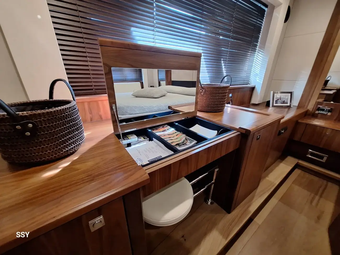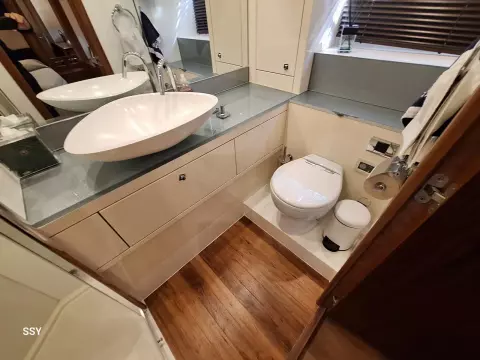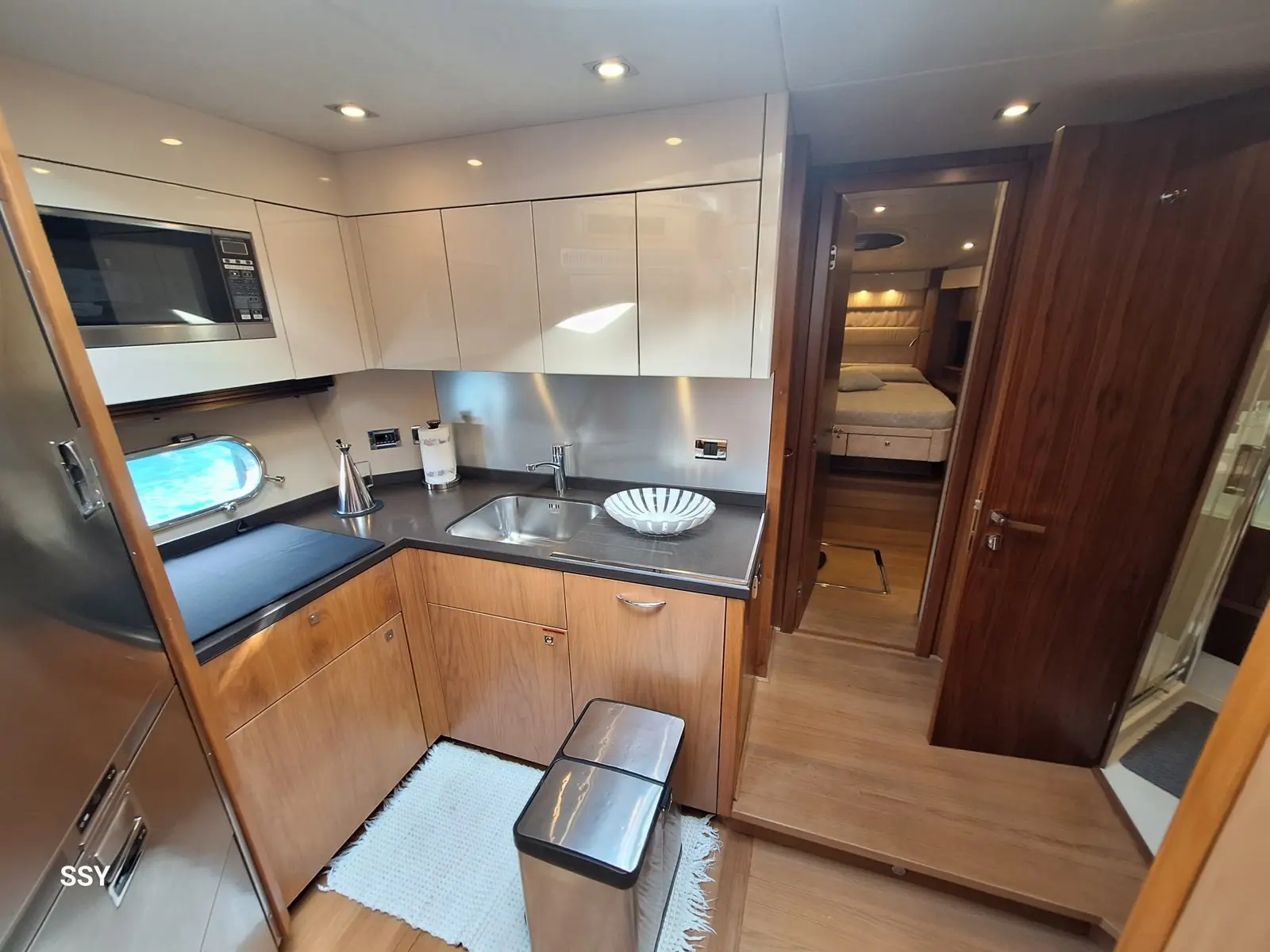 The galley, located below deck and accessed via two steps, is fully equipped and finished with fine wood and stainless-steel accents. It includes a Bosch cooktop, Sharp digital oven, Bosch dishwasher, and a full-height Vitrifrigo refrigerator/freezer.
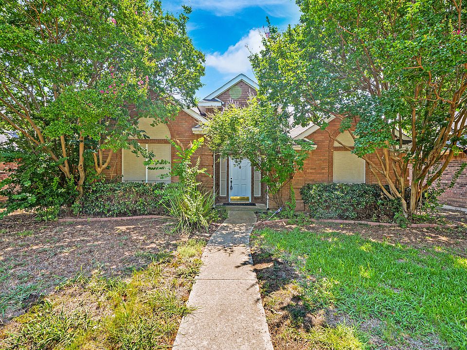 This charming 3-bedroom, 2-bathroom single-story home in the sought-after Preston Ridge community of Frisco offers 1,577 sq. ft. of comfortable living space. Featuring an open-concept layout with vaulted ceilings, wood floors, and a cozy fireplace, it's perfect for both relaxing and entertaining. The updated kitchen includes stainless steel appliances, decorative finishes, and a movable island for added convenience. The spacious master suite boasts an oversized garden tub and double shower, while additional bedrooms offer versatility for family or guests. Outside, enjoy a covered patio and fenced backyard on a 0.13-acre lot. Located in Frisco ISD near shopping, dining, and major highways, this property blends comfort, style, and an unbeatable location. (Carpet Removed)
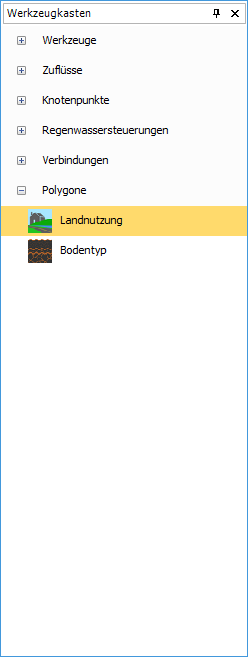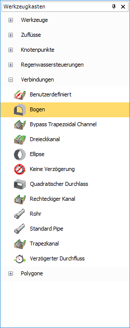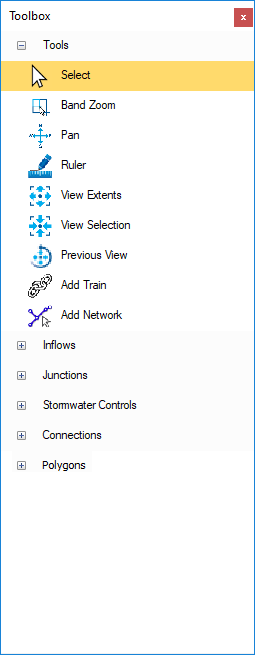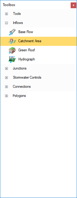 On the right-hand side of the screen we have the Toolbox which shows the functions and items that allow the creation of drainage schemes on the plan view. A default set of items are supplied with the software; additional items can be added through Object Templates.
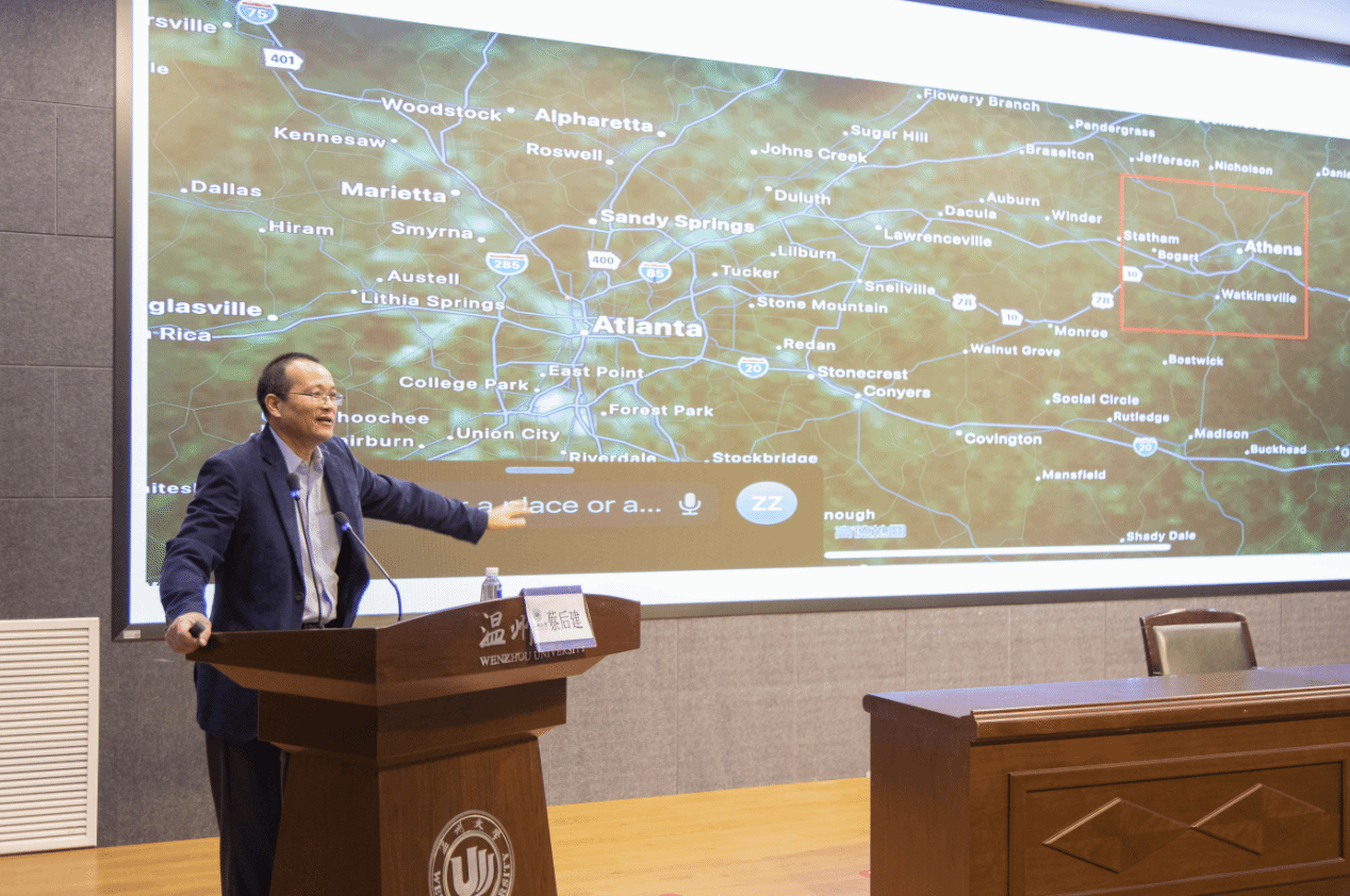 讲座始伊,蔡后建教授深情的回忆了他在母校的求学时光,并围绕自身职业生涯规划,将自己的求学旅程以世界地图的方式进行展示,阐释了自己如何从一名专科生到终身教授的艰辛历程。蔡教授希望,新时代老员工要根据自己的梦想树立远大志向,制定长期目标坚持做事,尽力而为并抓住每一个机遇。随后蔡教授对自己的研究内容进行学术讲解,并表达了对同学们出国读研的支持与鼓励。

....

(Action item): Could you give the material again exactly as it stands, omitting any image?

(Solution to this problem):
 The galley, located below deck and accessed via two steps, is fully equipped and finished with fine wood and stainless-steel accents. It includes a Bosch cooktop, Sharp digital oven, Bosch dishwasher, and a full-height Vitrifrigo refrigerator/freezer.
 This charming 3-bedroom, 2-bathroom single-story home in the sought-after Preston Ridge community of Frisco offers 1,577 sq. ft. of comfortable living space. Featuring an open-concept layout with vaulted ceilings, wood floors, and a cozy fireplace, it's perfect for both relaxing and entertaining. The updated kitchen includes stainless steel appliances, decorative finishes, and a movable island for added convenience. The spacious master suite boasts an oversized garden tub and double shower, while additional bedrooms offer versatility for family or guests. Outside, enjoy a covered patio and fenced backyard on a 0.13-acre lot. Located in Frisco ISD near shopping, dining, and major highways, this property blends comfort, style, and an unbeatable location. (Carpet Removed)
 On the right-hand side of the screen we have the Toolbox which shows the functions and items that allow the creation of drainage schemes on the plan view. A default set of items are supplied with the software; additional items can be added through Object Templates.
 讲座始伊,蔡后建教授深情的回忆了他在母校的求学时光,并围绕自身职业生涯规划,将自己的求学旅程以世界地图的方式进行展示,阐释了自己如何从一名专科生到终身教授的艰辛历程。蔡教授希望,新时代老员工要根据自己的梦想树立远大志向,制定长期目标坚持做事,尽力而为并抓住每一个机遇。随后蔡教授对自己的研究内容进行学术讲解,并表达了对同学们出国读研的支持与鼓励。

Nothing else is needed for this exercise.